[Date Prev][Date Next][Thread Prev][Thread Next][Date Index][Thread Index]
Re: [syndication] Re: Translate non-structured documents into Xml RSS format
- To: syndication@egroups.com
- Subject: Re: [syndication] Re: Translate non-structured documents into Xml RSS format
- From: Ian Davis <ian@calaba.com>
- Date: Tue, 26 Sep 2000 11:55:53 -0700
- In-reply-to: <001301c0277c$f48b9430$020d0dc0@vertexdev.com>
- Organization: Calaba Ltd.
- References: <001301c0277c$f48b9430$020d0dc0@vertexdev.com>
- Reply-to: Ian Davis <iand@internetalchemy.org>
On Monday, September 25, 2000, 10:45:19 PM, Jeff wrote:
> I think that Ben is asking for an HTML scraper. They
> generally use some obscenely complex Perl regular
> expressions to extract the relevant headlines from
> a page. The expressions are specific to the page.

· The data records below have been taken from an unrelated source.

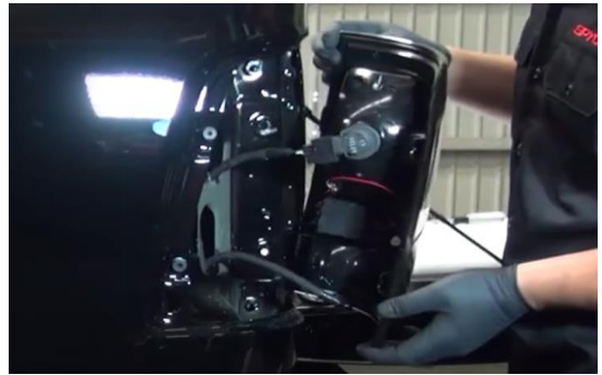
6. Install sockets into Spyder tail light.
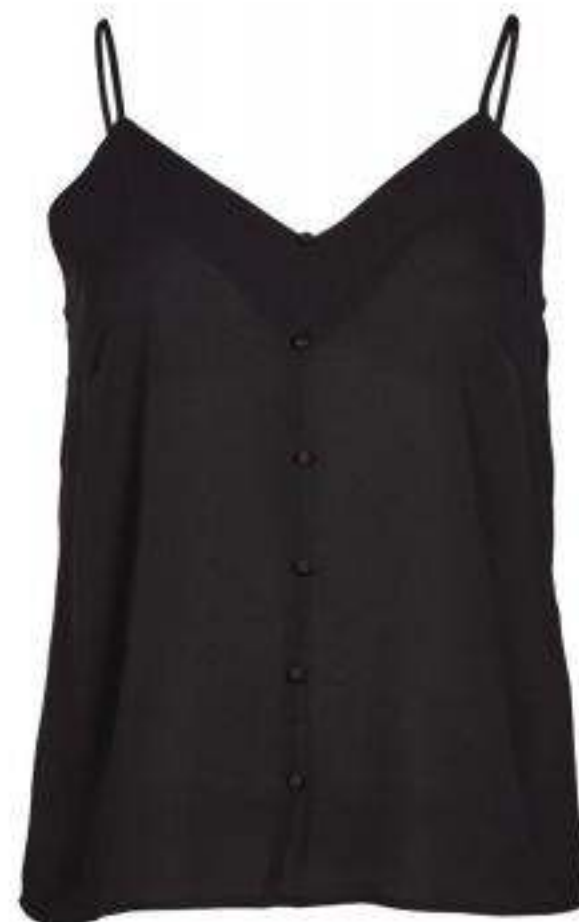
ARIEL STRAP TOP 193-0446

Black is the new black, Choose black to mix with everything a wear it
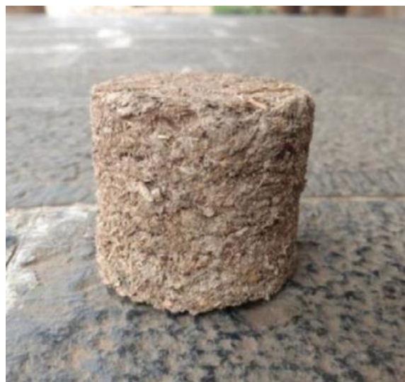
Figure 5 Briquette

A briquette is a compressed block of coal dust or other combustible biomass material (e.g. charcoal, sawdust, wood chips, peat, or paper) used for fuel and kindling to start a fire. The term derives from the French word brique , meaning brick. In order to facilitate easy handling of the water hyacinth briquettes of suitable dimensions can be made.
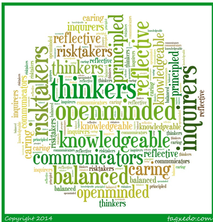
Figure 5. Trish's word cloud. This figure illustrates Trish's interpretation of the IB Learner Profile.
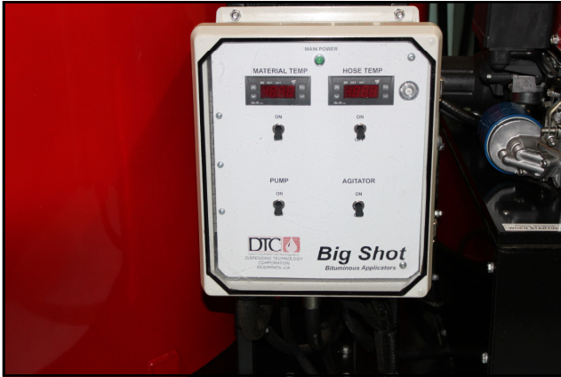
Digital electronic temperature controls provide precise control for the material and the wand
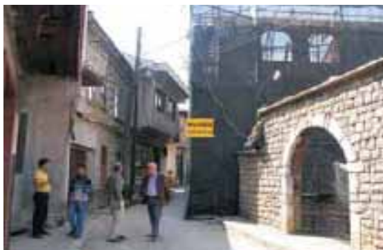
Orthodox Seminary after destruction
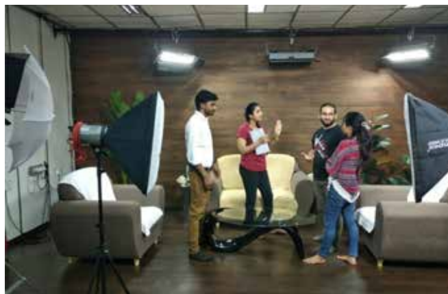
PG students planning for recording in Video lab
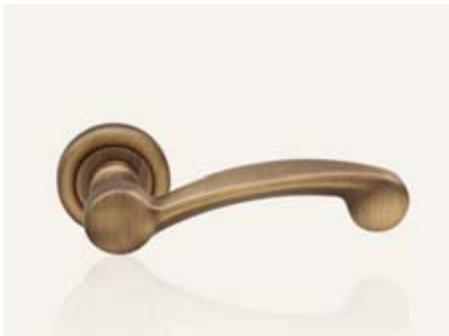
PM patiné patiné mat
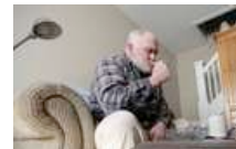
Michigan's Parole Town
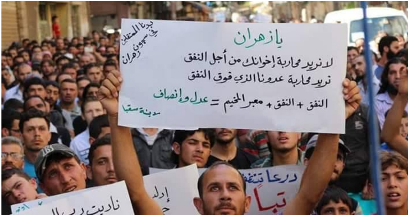
PLACARD HELD BY DEMONSTRATOR IN SAQBA IN AUGUST 2015.
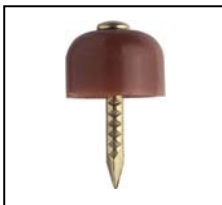
Shelf Supports with movable pin

Material: polystyrene Colour: white or brown

> I know that Ian over at Internet Alchemy runs one.
I do run one still, although I don't maintain it as much as I should.
> I'm not a big fan of scraping -- it seems to be
> fragile and error-prone -- if the site changes
> its format the regular expressions could break.
Scrapers can be fragile, but the breakage is not as high as you might
think. Many sites use them. I believe Moreover uses WebMethods to
create their large set of feeds.
Ian